Rencontre avec Fu Le, de la promotion 2019 de l’incubateur.

Quel est ton univers chorégraphique ? 

Je ne peux pas le dire, il grandit, se transforme, s’adapte. L’univers est bien trop grand pour le définir en quelques lignes. Il y a peut-être des constantes : le noir, l’absurde, l’ancrage visuel. Je suis issu des arts plastiques, du travail avec la matière, des surfaces rugueuses, des mouvements âpres et précis. Je considère la scène comme un monde d’origines, où tout peut naître, où se découvrir. Je sais que je n’aime pas trop en faire voir, pour tenir le spectateur en haleine, le forcer à chercher, à sentir, à apprécier chaque détail. Affamer le spectateur pour le rendre plus sensible à ce qu’il goûte : c’est peut-être là mon engagement politique.

Peux-tu nous dire quelques mots sur ta création en cours ? 

Co-PULATION, j’aime bien ce titre, même s’il n’a rien à voir directement avec la pièce. Il parle de beaucoup de choses, de la famille, du communautarisme, des générations de trentenaires sans enfants. J’ai réalisé récemment que dans l’éducation nationale, ce qui compte pour obtenir des points et de bonnes mutations, ce n’est ni les compétences techniques ni la qualité du travail effectué, mais c’est de faire des enfants, comme si nous vivions après-guerre et qu’il fallait repeupler la France. Co-PULATION est une pièce qui s’attaque au désir d’absolu et d’authenticité qui mène ou perd chaque individu. Je me suis appuyé au départ sur certains écrits de Borges qui, à travers une recherche littéraire d’authenticité, évoquent de vains artifices – miroirs, masques ou encore la copulation – pour approcher l’idée de reproduction à l’identique.

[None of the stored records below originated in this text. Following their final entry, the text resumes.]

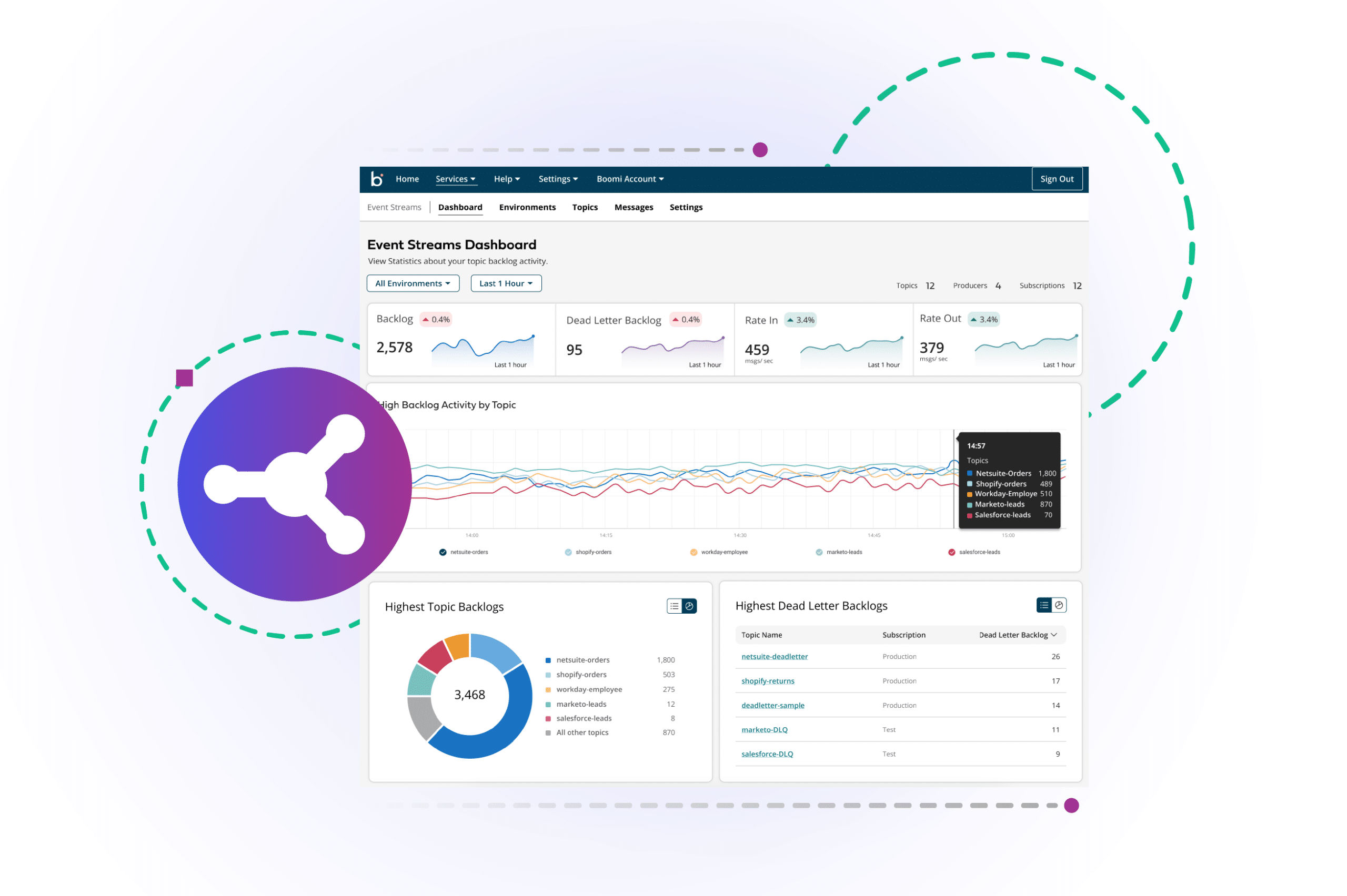 Monitor all Boomi event-driven integrations in one view for easy management.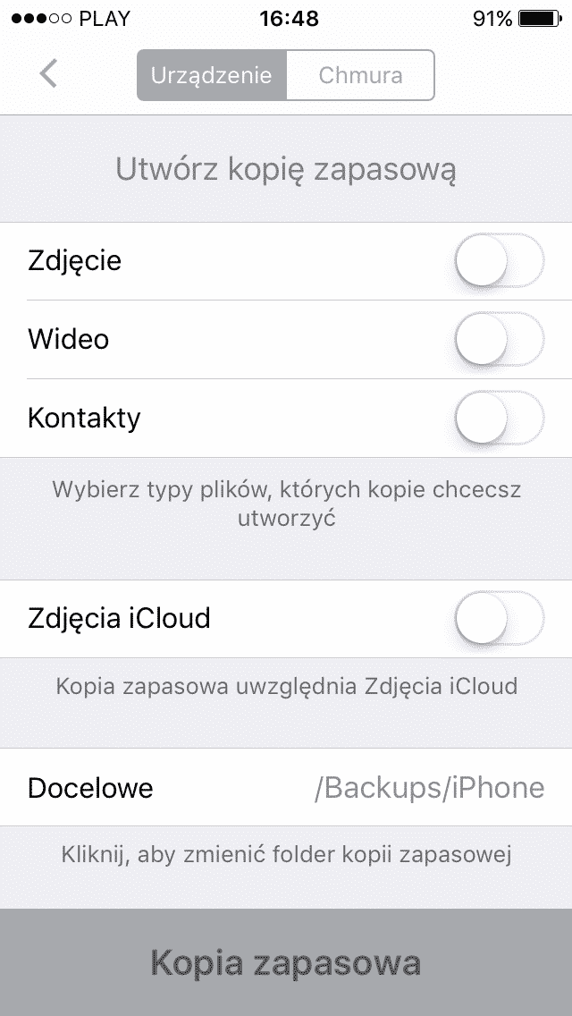 Godną uwagi opcją jest bez wątpienia możliwość wykonania kopii zapasowej danych znajdujących się w pamięci wewnętrznej urządzenia. Poza zdjęciami i nagraniami wideo nim wykonanymi, możemy także skopiować kontakty. Jest to bardzo wygodna funkcja, szczególnie jeśli potrzebujemy szybko oczyścić pamięć swojej „iZabawki”. Warto jednak zaznaczyć, iż wszystkie pliki są umieszczane w jednym folderze, bez jakiegokolwiek rozdzielenia na odpowiednie kategorie danych. Wydaje mi się, iż warto byłoby jednak rozważyć chociażby oddzielenie kontaktów od pozostałych materiałów.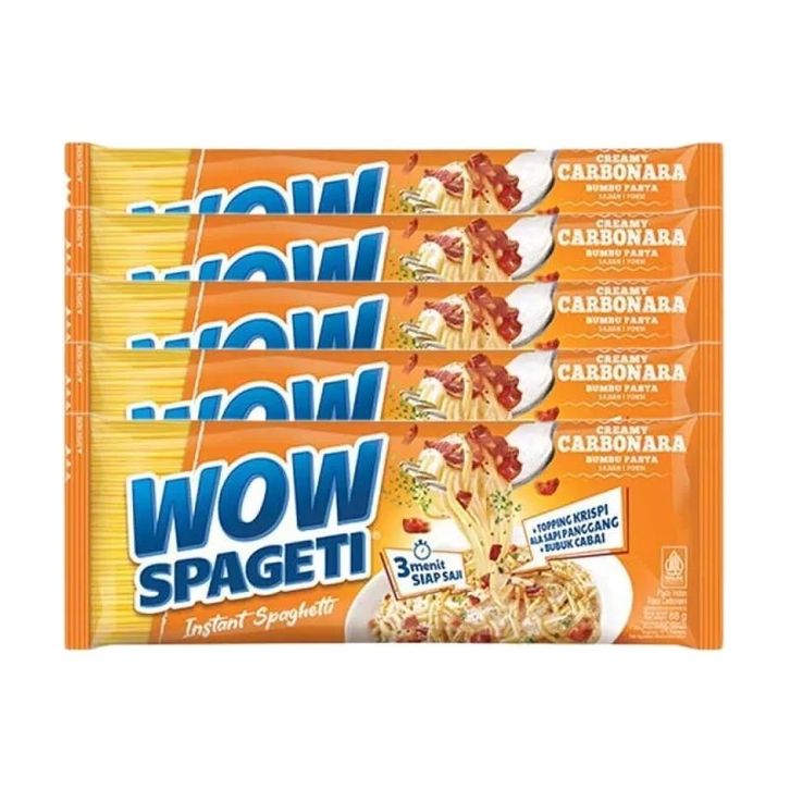 WOW SPAGETI CREAMY CARBONARA MEATY BOLOGNESE BUMBU PASTA MI KUAH INSTANT SPAGHETTI MAYORA BUMBU PASTA TOPPING SOSIS BUBU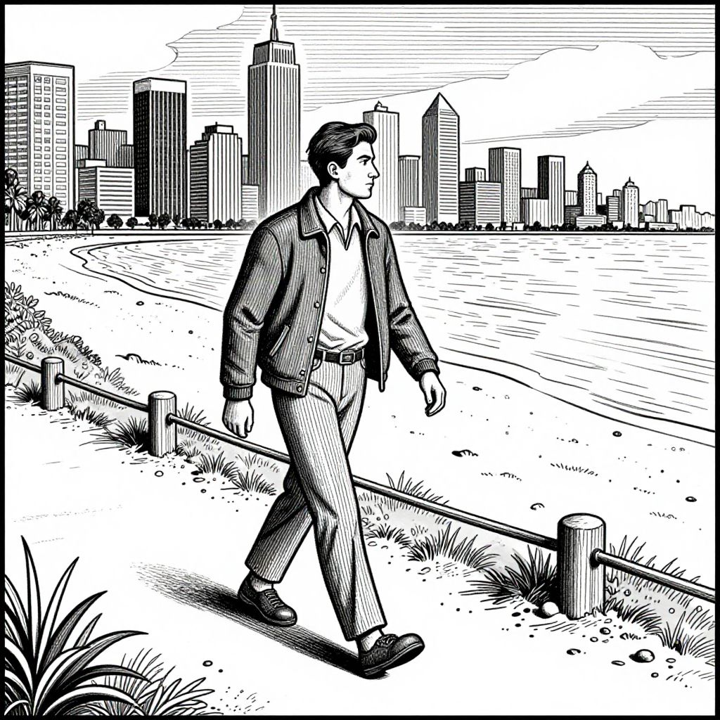 A man in a jacket and pants walks along a beach path with a city skyline in the background, depicted in a Moebius-style illustration.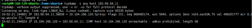 Jika ya tetapi CVM tidak menanggapi, masalah ini mungkin disebabkan oleh kebijakan iptables dari CVM. Seperti yang ditunjukkan pada gambar berikut, CVM tidak mengembalikan paket TCP ke 64.11 setelah koneksi Telnet dibuat.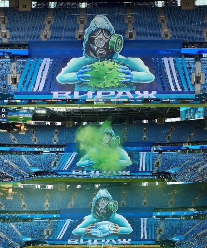 6月26日,俄罗斯足球联赛泽尼特的激进球迷组织在球场展示出巨型TIFO,穿着生化服的人物一把捏爆了病毒,把足球展示给了整个球场,以及守候在电视机、电脑前的全世界球迷: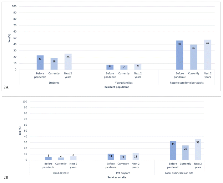The range of community-integrated activities varied widely (Figure 1), including arrangements where the CCH offered residency to populations other than older adults (Figure 2A) and/or offered services on site (Figure 2B). Before Covid-19 restrictions, the most common activities were spiritual activities entering CCH (96.5%) and community volunteers entering CCH (93.0%, Figure 1). CCH rarely had activities such as offering residence to young families (7.8%) or child daycare (5.2%, Figures 2A and 2B). At the time of the survey (2022), spiritual activities entering CCH continued to be the most common (83.6%). However, this had not been restarted by 12.9% of respondents; CCH were planning to restart the ceased activity in the future (n=16) or start it up as a new activity (n=1). All community-integrated activities were reduced at the time of the survey, compared to before Covid-19 (Figures 1 & 2). This decrease was more drastic for some activities than others; for example, dining facilities open to the community fell by 36.5%, whereas daycare for older adults fell by 2.6%. For activities planned over the next two years, many CCH wanted to re-implement ceased activities. Some CCH intended to begin new activities that were not present before Covid-19; the percentage of “Yes” responses to residents volunteering in the community was 31.9%, compared to 23.5% before Covid-19. There was no statistically significant (p < .05) relationship between any activity and facility type, size, owner-operator model, or geography at any survey time category (Table 2).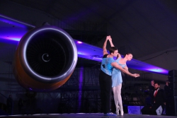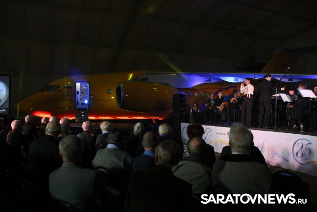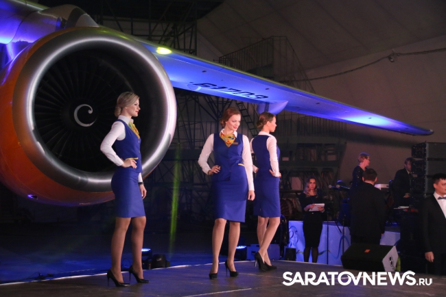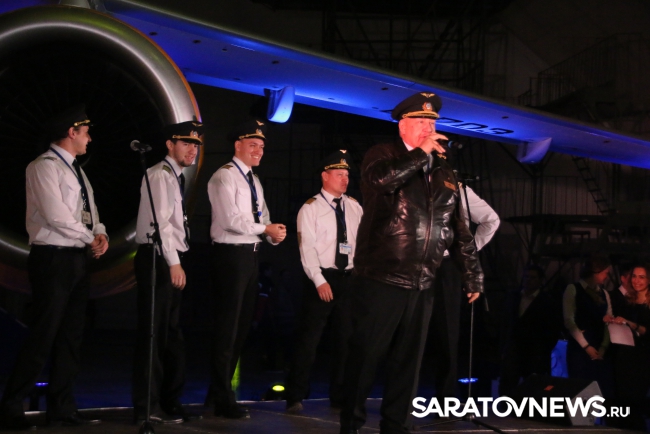Сотрудники авиакомпании услышали торжественные слова и поздравления почетных гостей. На сцене прозвучала музыка в исполнении оркестра "Волга-бэнд". Сотрудники "Саратовских авиалиний" также вышли на сцену и исполнили известные песни.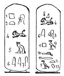 Работа, проделанная де Саси и Юнгом, подтвердила, что греческие имена собственные должны быть написаны алфавитными египетскими знаками. На этом фундаменте он построил свои открытия, которые начиная с 1821 года следовали одно за другим с удивительной быстротой (илл. 1).
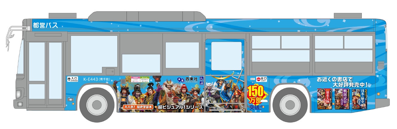 出版物の制作販売を行う株式会社西東社(東京都文京区、代表取締役:若松和紀)は、都バス100周年を迎えた東京都交通局とタイアップして、8月9日(金)から都営バス みんくる×西東社「超ビジュアル !シリーズ」戦国武将クイズ&スタンプラリーを実施します。西東社「超ビジュアル!」シリーズは、美麗イラストや大迫力のCGイラストを用い、楽しく歴史を学ぶことができる累計発行部数150万部を越える人気の児童書です。

Le titre vient de lui : “Les miroirs et la copulation sont abominables, parce qu’ils multiplient le nombre des hommes.”

Pourquoi avoir rejoint l’incubateur de chorégraphes ? 

Pour garder un dynamisme que le système administratif s’évertue à nous enlever. J’ai voyagé pendant 10 ans dans le monde entier, j’ai rencontré une multitude de personnes extraordinaires, mais mon réseau en France et à Paris est assez limité. J’éprouve ainsi un grand plaisir à côtoyer d’autres chorégraphes, qui traversent les même problématiques, artistiques, financières. La création d’une compagnie est une course d’endurance où l’on se sent souvent isolé, enfermé dans notre bulle artistique, écrasé sous des montagnes de papiers, de factures, d’obligations. Il était donc nécessaire pour moi de me sentir entouré.